Coming to you live, from unsecured webcams
MORE than 785 webcam feeds from living rooms, bedrooms, offices, warehouses and shops around Singapore are being streamed live on the Internet.
Russian website Insecam.com claims to have aggregated video feeds from over 73,000 webcams from around the world and published them.
The feeds are taken off publicly accessible servers using the cameras' default passwords, which give new users access to the devices. Owners are usually reminded to change the password once they have the cameras up and running.
The feeds are from closed-circuit TV and Internet Protocol (IP) cameras used at home or in the office to monitor activities, and are not from cameras found on laptops, tablets or computers.
While random links to unsecured IP camera feeds have been available online, this is the first time an aggregator has collected feeds from around the world and hosted them on a website.
Most locations from Singapore are single-camera set-ups, although there are several homes and offices with four or eight cameras showing the surroundings.

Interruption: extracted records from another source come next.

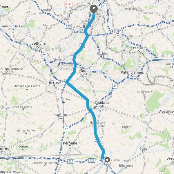 Prendre à droite et rejoindre A26 E17. Continuer sur 60 kilomètres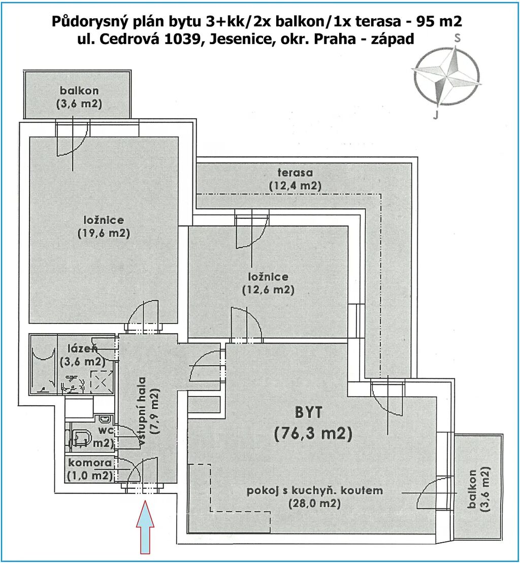 Exkluzivně nabízíme k prodeji moderní bytovou jednotku o dispozici 3+kk s terasou, dvěma balkony a venkovním parkovacím stáním, situovanou ve 4. NP bytového domu z r. 2007 v Jesenici u Prahy, ul. Cedrová. Celková plocha bytu 95 m2 (bez parkovacího stání, vč. terasy – 12,4 m2, balkon I. – 3,6 m2, balkon II – 3,6 m2). Bytová plocha 75 m2.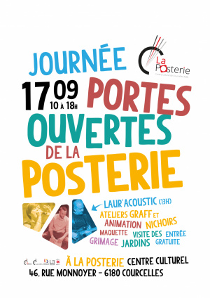Rejoignez-nous le samedi 17 septembre de 10h à 18h lors de la journée portes ouvertes de La Posterie ! Ce sera l’occasion de venir vous initier au graffiti et à la confection de nichoirs ou de maquettes lors d’ateliers, profiter des animations musicales, du concert de Laur’Acoustic (à 13h), de visiter nos jardins ou encore de faire maquiller vos enfants.

The site lists the brand of the IP camera, and the default password used to access the feed. It also gives what it says are the geographic locations of the cameras.
Some listings even show the local zipcode, but not the full address of the camera's location.

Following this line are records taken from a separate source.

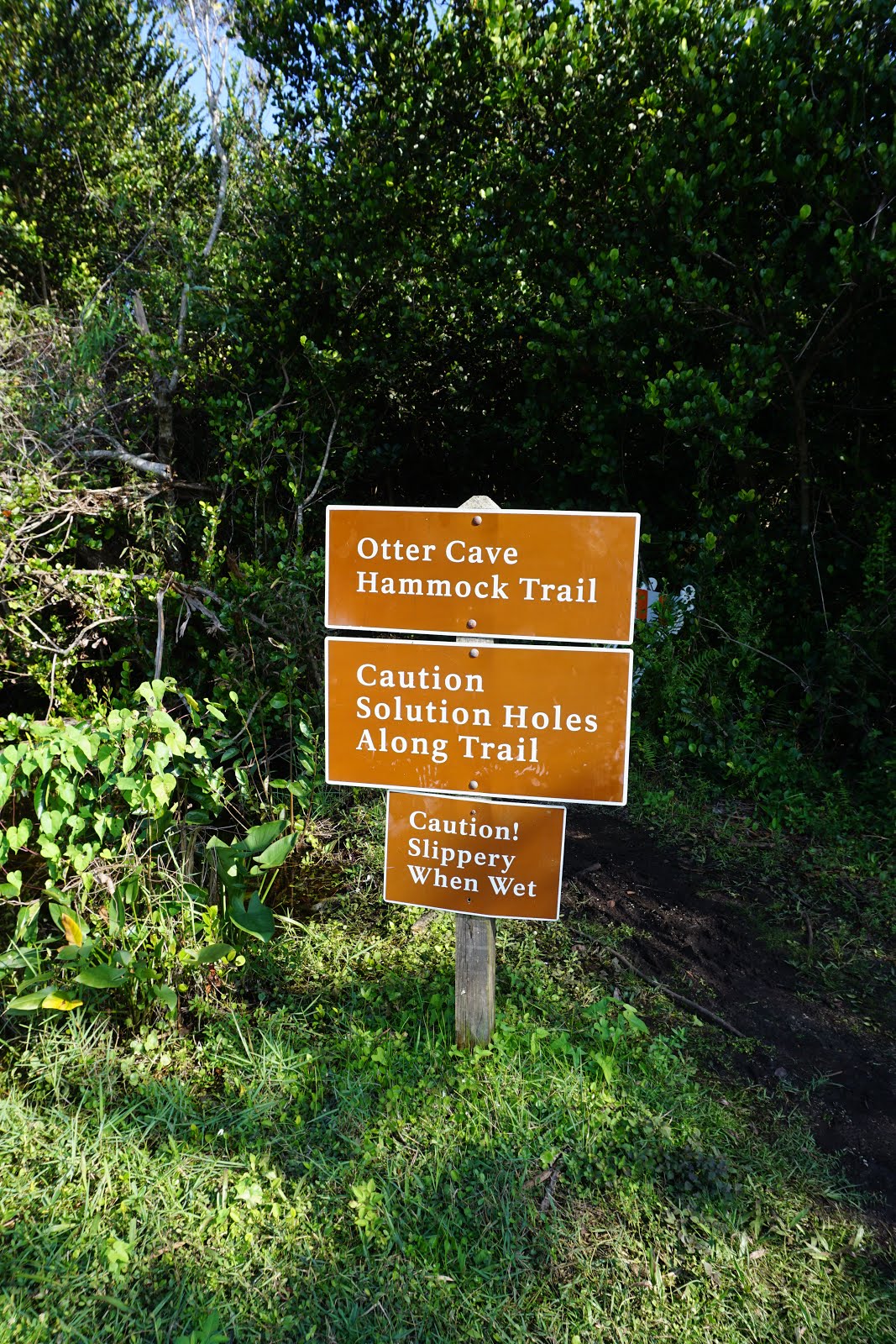 The first, the Bobcat Boardwalk, was very short and very close to the building. Pleasant enough, though, and probably peaceful when classes aren’t in session! The second trail was about a half mile down the tram path. The Otter Cave Hammock Trail. Interesting to walk through another type of ecosystem, but the group of kids I was following turned back halfway through and I probably should have taken their cue!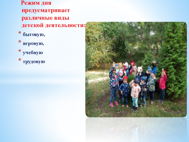 Слайд 7Режим дня предусматривает различные виды детской деятельности:
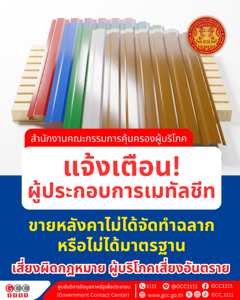 สำนักงานคณะกรรมการคุ้มครองผู้บริโภค แจ้งเตือนผู้ประกอบธุรกิจจำหน่ายหลังคา เมทัลชีท (Metal Sheet) ทั้งแบบเคลือบสีและไม่เคลือบสีทั่วประเทศ ให้เร่งดำเนินการให้ถูกต้องตามประกาศ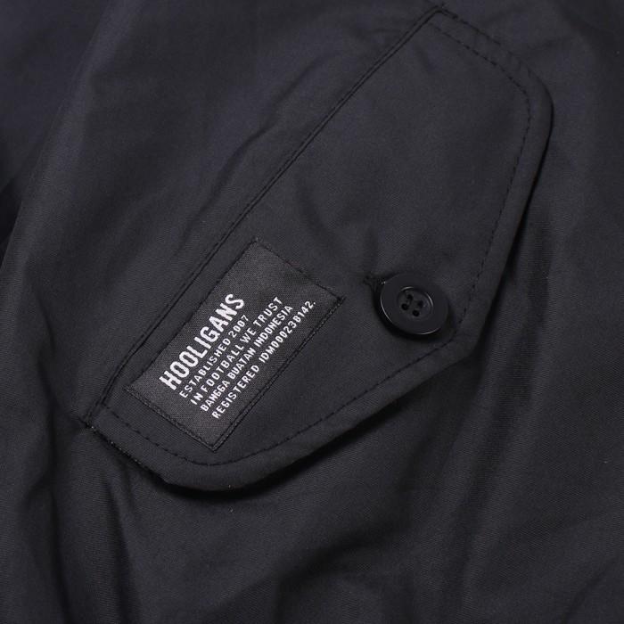 HOOLIGANS HARRINGTON JACKET HARRY PJ - BLACK JAKET HITAM CASUAL PRIA ZIPPER POLYESTER LOGO - S

According to security experts, it is likely that these webcams are not the more secure devices that use peer-to-peer protocols to prevent unauthorised access.
Wana Tun, regional technical evangelist from computer security vendor Sophos, said: "With little security features available on consumer-grade routers, the only security mechanism for these IP cameras is username and password... and these are shipped with a default username and password which anonymous users can obtain easily from the Internet."
The danger is not just with webcams, but also with most network devices, warned Eugene Teo, senior manager of security response at security firm Symantec.
He said: "There are search engines that allow people to do an online search for Internet-enabled devices ranging from security cameras to cars, home-heating systems and more.
"Although the search engine does not reveal vulnerabilities, it makes it easier for the devices to be found, which cyber criminals can then target and exploit."
According to online magazine Motherboard, which first reported on the Russian site last month, the alleged administrator of Insecam claimed that the site was meant to highlight poor user security and is not a tool for voyeurs.
The site's frequently asked questions page states that webcam owners can ask for their feed to be taken down. As of yesterday morning, several local feeds on the site have gone dark, while some no longer load.
To prevent webcams from being identified or accessed, IP camera makers recommend that owners change the password and not host the feeds on websites.
Jonathan Quek, product marketing director for camera-maker D-Link, said: "From our back end, we have ensured that the security is in place. But end users have to do their due diligence to change the password regularly, to enhance the protection."